__Task details__:
Each line from the one with "1990 ALFA ROMERO" through the last line below must be written out exactly. Do not copy pictures.

__Given information__:
◇ ◇ ◇ ◇ ◇ ◇ ◇

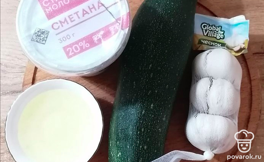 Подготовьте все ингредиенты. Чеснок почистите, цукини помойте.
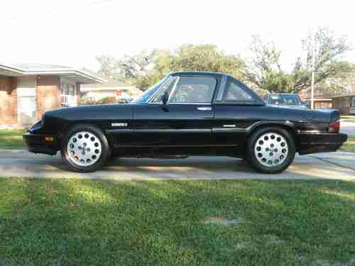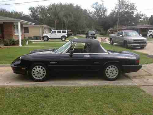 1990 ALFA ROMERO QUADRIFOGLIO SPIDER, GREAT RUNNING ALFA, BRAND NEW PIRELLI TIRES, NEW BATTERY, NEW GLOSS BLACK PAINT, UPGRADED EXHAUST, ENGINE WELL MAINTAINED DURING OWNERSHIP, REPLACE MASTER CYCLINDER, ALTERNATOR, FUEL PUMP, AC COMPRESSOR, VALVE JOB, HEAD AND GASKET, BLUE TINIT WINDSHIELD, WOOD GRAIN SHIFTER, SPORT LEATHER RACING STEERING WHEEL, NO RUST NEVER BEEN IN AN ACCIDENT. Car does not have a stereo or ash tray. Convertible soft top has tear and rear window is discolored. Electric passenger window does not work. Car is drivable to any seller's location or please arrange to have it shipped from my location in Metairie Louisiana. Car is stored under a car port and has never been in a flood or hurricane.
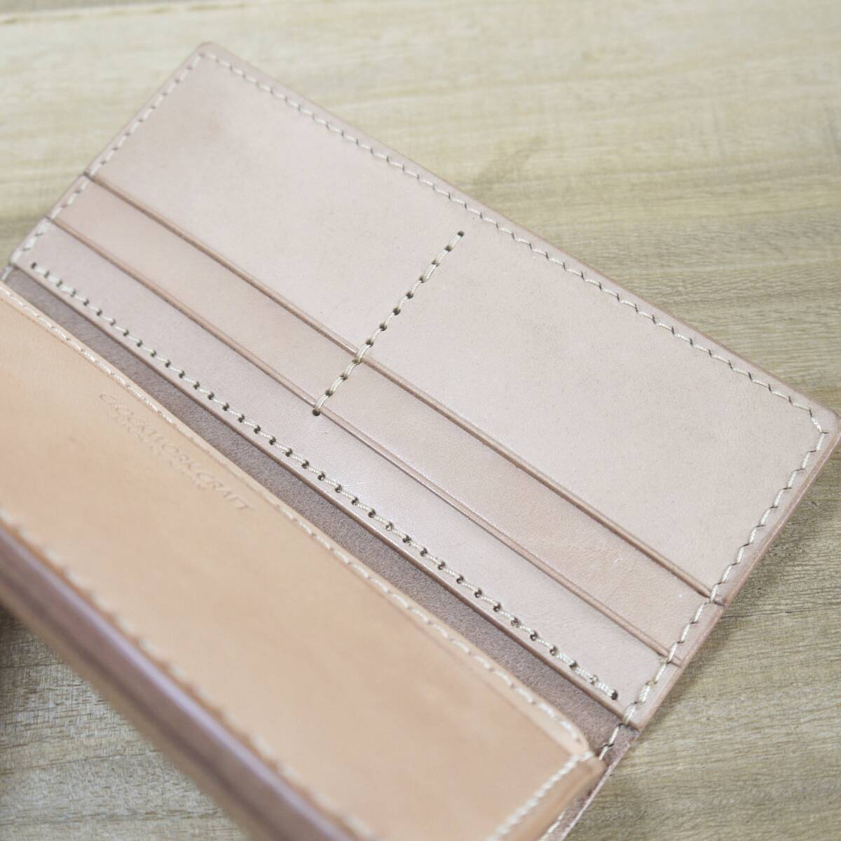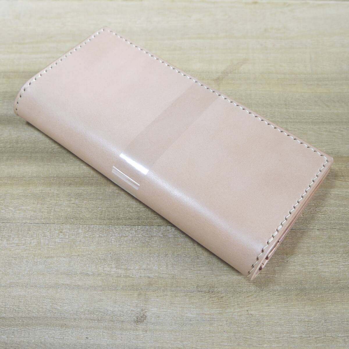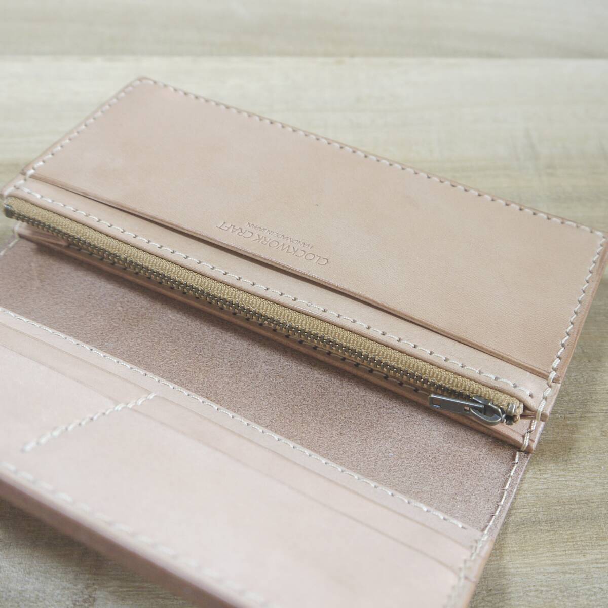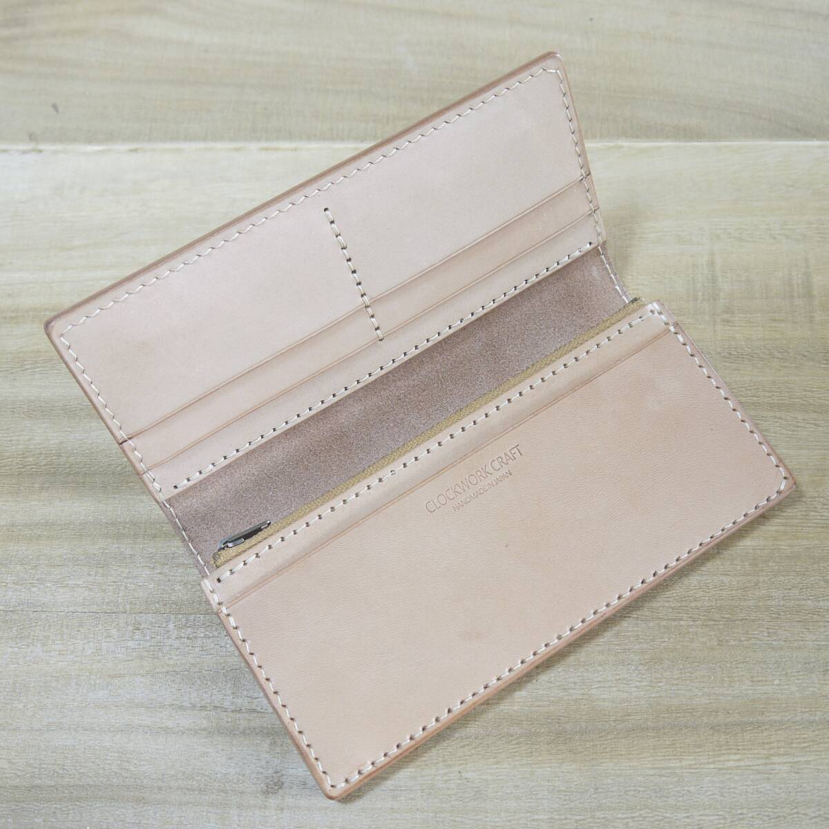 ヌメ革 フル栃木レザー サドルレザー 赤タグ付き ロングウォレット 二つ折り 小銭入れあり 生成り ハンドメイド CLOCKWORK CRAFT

◇ ◇ ◇ ◇ ◇ ◇ ◇

__Response below__:
 1990 ALFA ROMERO QUADRIFOGLIO SPIDER, GREAT RUNNING ALFA, BRAND NEW PIRELLI TIRES, NEW BATTERY, NEW GLOSS BLACK PAINT, UPGRADED EXHAUST, ENGINE WELL MAINTAINED DURING OWNERSHIP, REPLACE MASTER CYCLINDER, ALTERNATOR, FUEL PUMP, AC COMPRESSOR, VALVE JOB, HEAD AND GASKET, BLUE TINIT WINDSHIELD, WOOD GRAIN SHIFTER, SPORT LEATHER RACING STEERING WHEEL, NO RUST NEVER BEEN IN AN ACCIDENT. Car does not have a stereo or ash tray. Convertible soft top has tear and rear window is discolored. Electric passenger window does not work. Car is drivable to any seller's location or please arrange to have it shipped from my location in Metairie Louisiana. Car is stored under a car port and has never been in a flood or hurricane.
 ヌメ革 フル栃木レザー サドルレザー 赤タグ付き ロングウォレット 二つ折り 小銭入れあり 生成り ハンドメイド CLOCKWORK CRAFT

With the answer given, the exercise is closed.